But maybe I shouldn't be surprised at all. Time has become the ultimate commodity. We can't make more of it, and there's never enough. Due to the wonders of technology, we're now 100% connected at almost every moment of our day, so time away from the office no longer means what it did a few years ago. Technological innovation is also responsible for helping us better manage our limited time. TiVo is the ultimate "time-shifting" device. Why waste 2 minutes and 2 seconds watching commercials when you can fast-forward to the magic of Chuck Woolery making a Love Connection?
Given its scarcity, quantifying the value of time has become a priority for advertising executives. A 30-second commercial costs more to air than a 15-second one. Print ads are measured by the number of readers as well as the length of time they are viewed. Supermarkets value store shelves and end caps by how long people linger in those specific spots. For those who buy media, there's a comfort level to these familiar models. Getting more "time" feels like it is worth spending more for.

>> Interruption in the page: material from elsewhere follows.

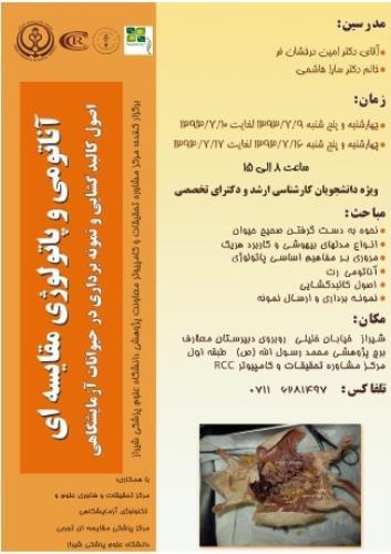 به اطلاع میرساند اولین کارگاه کشوری آناتومی و پاتالوژی مقایسه ای اصول کالبد گشایی و نمونه برداری در حیوانات آزمایشگاهی ویژه دانشجویان تحصیلات تکمیلی و دکتری تخصصی در تاریخ های 10-9 مهر 93 و 17-16 مهر 93 در مرکز مشاوره تحقیقات و کامپیوتر دانشگاه علوم پزشکی شیراز برگزار خواهد شد .علاقمندان جهت ثبت نام در کارگاه مذکور به لینک زبر مراجعه نمایند

Yet marketers demand more than time from consumers. They demand "engagement," or the blend of time and attention. (If you've ever left the TV on in the background while doing something else, you know what I mean.) In other words, marketers don't just strive for time. They strive for well-spent time in which the viewer is participating with the brand's message. Looked at in this light, engaged time may be the ultimate starting point to build a framework for an effective media buy.

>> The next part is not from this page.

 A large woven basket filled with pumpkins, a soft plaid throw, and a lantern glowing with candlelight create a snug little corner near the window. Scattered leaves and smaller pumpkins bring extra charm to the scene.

The latest research in our series of whitepapers on how to value conversations, BzzAgent explores the question: Where do your dollars drive the greatest time and attention for a consumer? Stripping away all other factors, how does a consumer recommendation stack up against other media forms on the basis of time? On average, we spend more than 6 minutes engaged with someone else when we're sharing our opinions or discussing brands. And short of being a painfully shy shoe gazer or suffering from a BlackBerry addiction, most of us actually do listen closely when talking with others. Does this level of engagement make word of mouth more valuable than other forms of media?
Few would argue against the credibility that comes from a peer recommendation, but the real question comes down to how a marketer can value conversational media against everything else they're buying. Maybe the ultimate measure is much simpler than trying to tease out CPx-type results from each impression. Maybe the true measure of the value can be found in a single rhetorical question: How much is your time worth to you?

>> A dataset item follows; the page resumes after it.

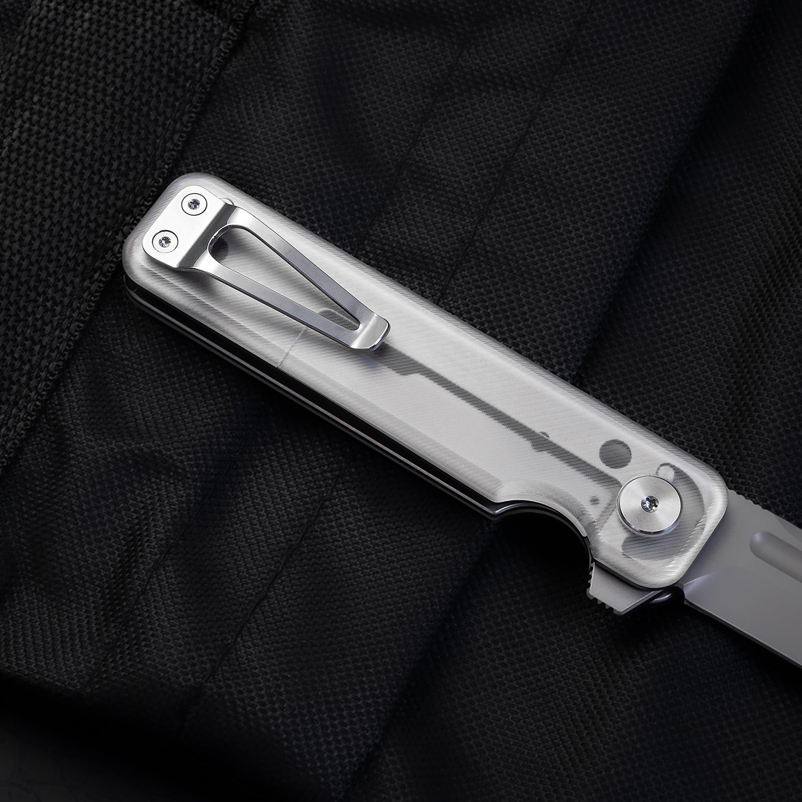 KniClad Mondry Transparent Acrylic Handle EDC Knife Liner Lock (3.0" 14C28N Blade) CHMDLVY-15

One of my employees lives in a modern-era cabin located some two hours west of Boston. There's a rumor that he heats his home with a wood-burning stove. He recently told me his home computer is Internet-enabled, but he rarely turns it on during the weekend. And if he does, he doesn't check his email or browse the Web. We used to wonder what it was like to be a Luddite. To be truly off the grid. Of course, some thought he must be crazy. But given how little time we all have to dedicate to the things that matter, we now realize he's probably the sanest of all of us.